Jesus’ discourse (at this point) begins to move in a new direction by focusing on the ways in which belief in Jesus empowers the believing community (v.12 ff).  Jesus has emphasized that the works he does are not his own but are the Father’s; now Jesus begins to emphasize the link between his works that of the believing community. Our gospel text describes two dimensions of the believer’s relationship with Jesus: (1) the inseparability of one’s love of Jesus and the keeping of his commandments (vv.15, 21, 23-24) and (2) the abiding and indwelling of the presence of God, even after Jesus’ death and departure with those who love him (vv.16-20, 22-23).

Love and Keeping Commandments. “If you love me, you will keep my commandments.” (v.15) Love for Jesus is not sentimental, but is expressed by keeping his commands, i.e. by responding to all he taught, with faith and obedience – even when Jesus has gone.  Brian Stoffregen asks this interesting question: What does it mean to have a relationship with Jesus in his absence? That was a question for John’s first readers and for us today. One answer is that while Jesus may be absent, God is not.  In the whole of our text, there are three different promised present in 14:15-24

  • The promise of the Paraclete (vv. 16-17)
  • The promise of Jesus’ return (vv. 18-20)
  • The coming of the Father and Jesus (v. 23)

Our text includes the first two promises, which forms an outline of our lesson:

  1. The coming of the Paraclete (vv. 15-17)
  2. The coming (back) of Jesus (vv. 18-21 – possibly referring to the resurrection)

However, the entire lesson is bracketed by common thoughts (but in reverse order)

A1 If you love me,
B1 you will keep my commandments (v. 15)
B2 The one having my commandments and keeping them,
A2 that is the one who loves me. (v. 21)

Brown [644] suggests even more parallels between the two subsections:

Neither the giving of the Paraclete or coming back of Jesus seem to be describing the Last Day. Here the coming(s) are limited to the disciples who know the Paraclete (Spirit of Truth) and see Jesus – something the world is not able to do.

What does it mean to have a relationship with Jesus in his absence? Part of the answer to our question is to love.  The verb used in our verses for “love” (agapate) is a present subjunctive, implying a continuing act of loving Jesus – keep on loving Jesus or continue to love Jesus. The word agapao also implies more than having “warm feelings” towards someone or something. It emphasizes “showing one’s love” or “demonstrating one’s love” – sometimes even without the inner “feeling”. For example., “loving” one’s enemies doesn’t mean to develop warm feelings for them, but to do “beneficial deeds for” them.
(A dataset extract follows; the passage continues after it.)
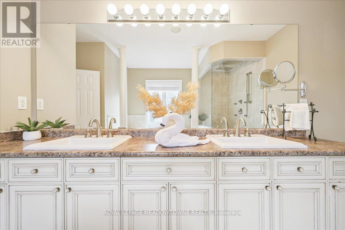 Nestled in Oakville's prestigious Joshua Creek sits this Fernbrook built 4 bed 4+1 bath beauty with over 5000 square feet of finished living space. Rare upgrades including 9 foot main level ceilings, 9 foot basement and upper level makes this home stand out from the crowd. Over $150K spent on landscaping and a large ionizer pool in the backyard give this home privacy, and beautiful views from every window. First time offered on market & true pride of ownership in every corner of this home is evident as this home has been loved and enjoyed by only 1 family since built in 2007. Oversized kitchen with large island, lots of cabinet space & butler pantry make this a dream chef's kitchen for entertaining family and friends. Large primary bedroom with fireplace and private sitting area, 2 large closets, and 5 piece ensuite with double vanity feels like a private oasis. Bedrooms 2 & 3 share a beautiful bathroom, while bedroom 4 has it's own ensuite and is perfect for a spare room. The basement is an entertainment masterpiece with large recreation room, pool table, wet bar, full bath with steam shower & Home Theatre Room with 110" screen and 7.2 surround sound. Whether looking for an executive home that is move in ready, or wanting to be in Oakville's best school district, this home has it all. (id:4555)

How do we show our love for Jesus? By keeping his commandments. That’s another answer to the question: “What does it mean to have a relationship with Jesus in his absence?”

What are Jesus commandments (note the plural, also in 14:21; 15:10)? And John 15:10b leads us to ask, “What are the Father’s commandments that Jesus kept?” Four times John has Jesus talking about commandments (entole) or commands (entellomai) that come from God.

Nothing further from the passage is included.